Some background: Neural Networks, as we currently employ them, simply look at data and tease out patterns. High-quality data will have a strong signal to noise ratio; low-quality data will have a large amount of noise or even anti-signals that might look promising at first but end up leading you astray. The ultimate effectiveness of your neural network, then, is determined by the quality of your training data as much as it is the size and structure of your network.
At first, I was playing my NNs against each other, looking at who won, and using that as the basis for my training. Unfortunately, this proved extremely slow, as the players were roughly analogous to random number generators. So, I bootstrapped the process, by playing the Smart Random Player against itself.
The main idea here is that, by seeing the SRP lose, my networks would learn how to beat it. Sure, it is still essentially a random player, and so there would be a lot of “noise” mixed in there, but I was hoping that the strength of the signal would at least give my NNs a leg up.
And, in fact, it did- for a time. My NNs trained and learned and improved dramatically.
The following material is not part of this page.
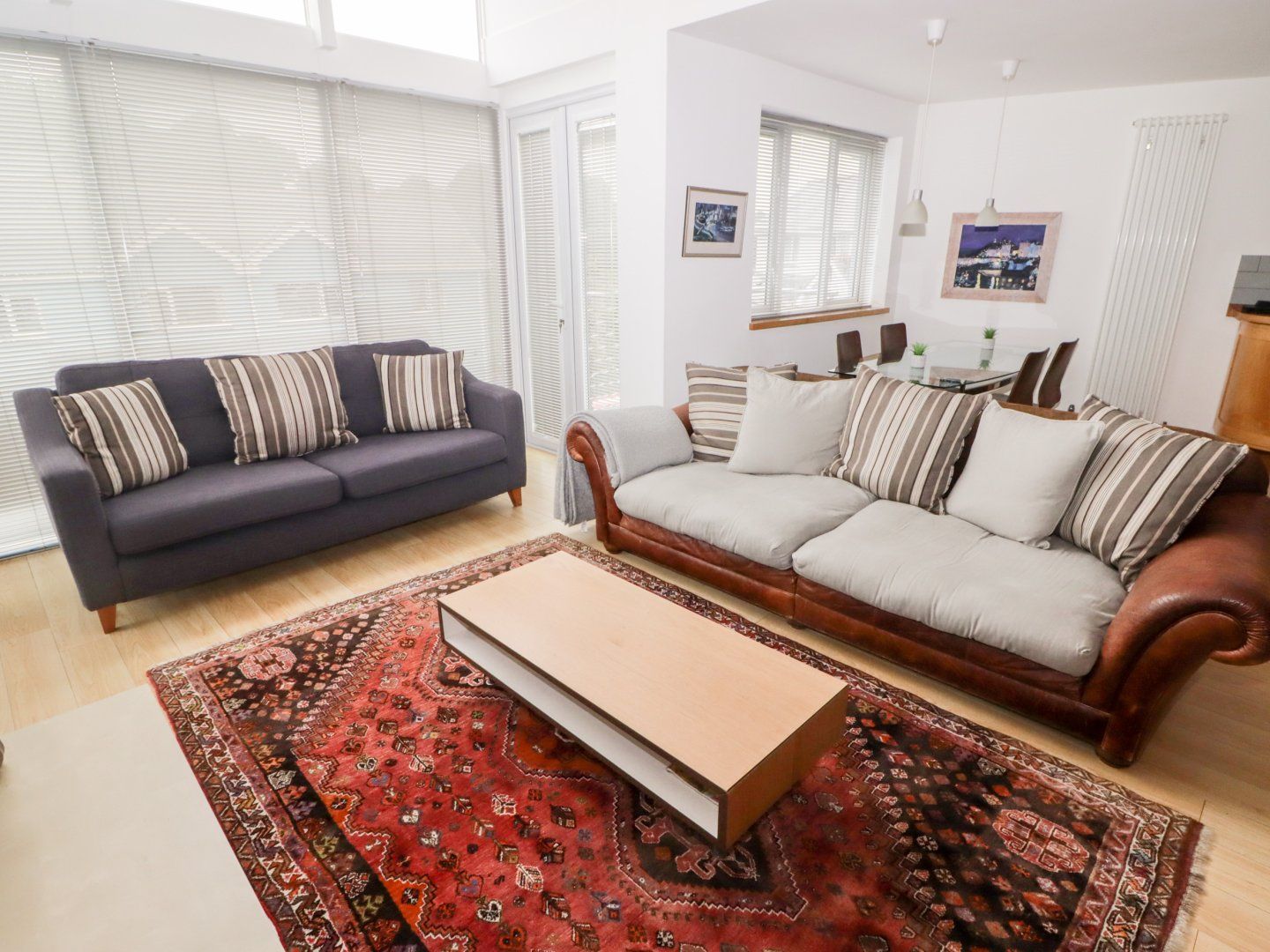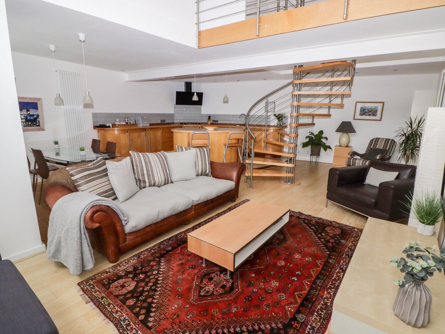 Well what can I say, firstly the apartment is wonderful, located in a little cul d sac with a few other houses it has a very attractive, modern look to the outside which continues inside, the entrance is to the right of the property up some steps and in through the front door which leads into the hallway off which is the first double bedroom and bathroom, passing through the hallway leads into the open plan living room, dining area and kitchen with the feature spiral staircase, there are two large sofas which were very comfortable and a large TV with freeview, the kitchen is very well equipped with everything you could need during your stay.

Some of them now win as often as 60% of the time against the SRP. The problem is that there is a great deal of variability here; a model that will win 60% of one set of 100 games will, after training for another round, win only 40% of the next set.
There are a couple ways around this… The first, and simplest would be to increase the size of the training set dramatically. The increased noise in the set should cancel itself out (as it’s essentially random), while the increased signal should break through and allow my NNs to continue learning.
The second way around this is to go back to my original method; pick the best few NNs, play a series of games, and look at who won. Specifically, I need to pick out games where the best NNs lost… This will help me select games they can learn from, generating useful training data.